Applies to: fluvoxamine and 5-hydroxytryptophan / melatonin / pyridoxine

GENERALLY AVOID: Concomitant use of agents with serotonergic activity such as serotonin reuptake inhibitors and tryptophan may potentiate the risk of serotonin syndrome, which is a rare but serious and potentially fatal condition thought to result from hyperstimulation of brainstem 5-HT1A and 2A receptors.

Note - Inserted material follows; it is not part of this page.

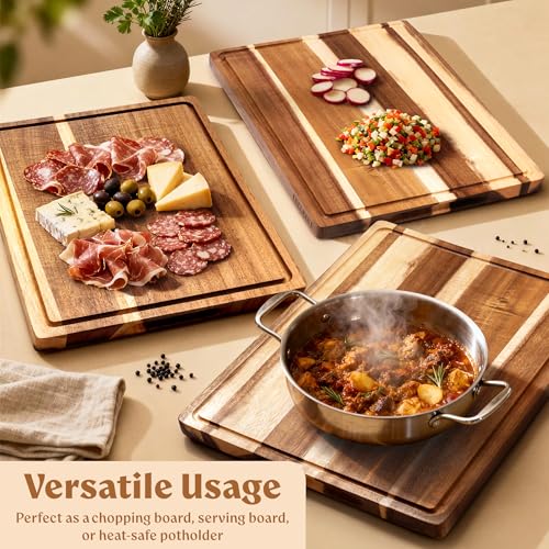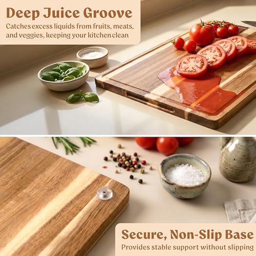 - لوح تقطيع فاخر من خشب الأكاسيا مقاس XXL - مصنوع من خشب الأكاسيا عالي الجودة بسمك 0.8 انش، تم تصميم مجموعة ألواح التقطيع المتينة والمقاومة للرطوبة والصديقة للسكين لتدوم طويلاً. يسمح التصميم ذو الوجهين باستخدامه كلوح تقطيع ولوح تقديم أنيق.

Symptoms of the serotonin syndrome may include mental status changes such as irritability, altered consciousness, confusion, hallucinations, and coma; autonomic dysfunction such as tachycardia, hyperthermia, diaphoresis, shivering, blood pressure lability, and mydriasis; neuromuscular abnormalities such as hyperreflexia, myoclonus, tremor, rigidity, and ataxia; and gastrointestinal symptoms such as abdominal cramping, nausea, vomiting, and diarrhea.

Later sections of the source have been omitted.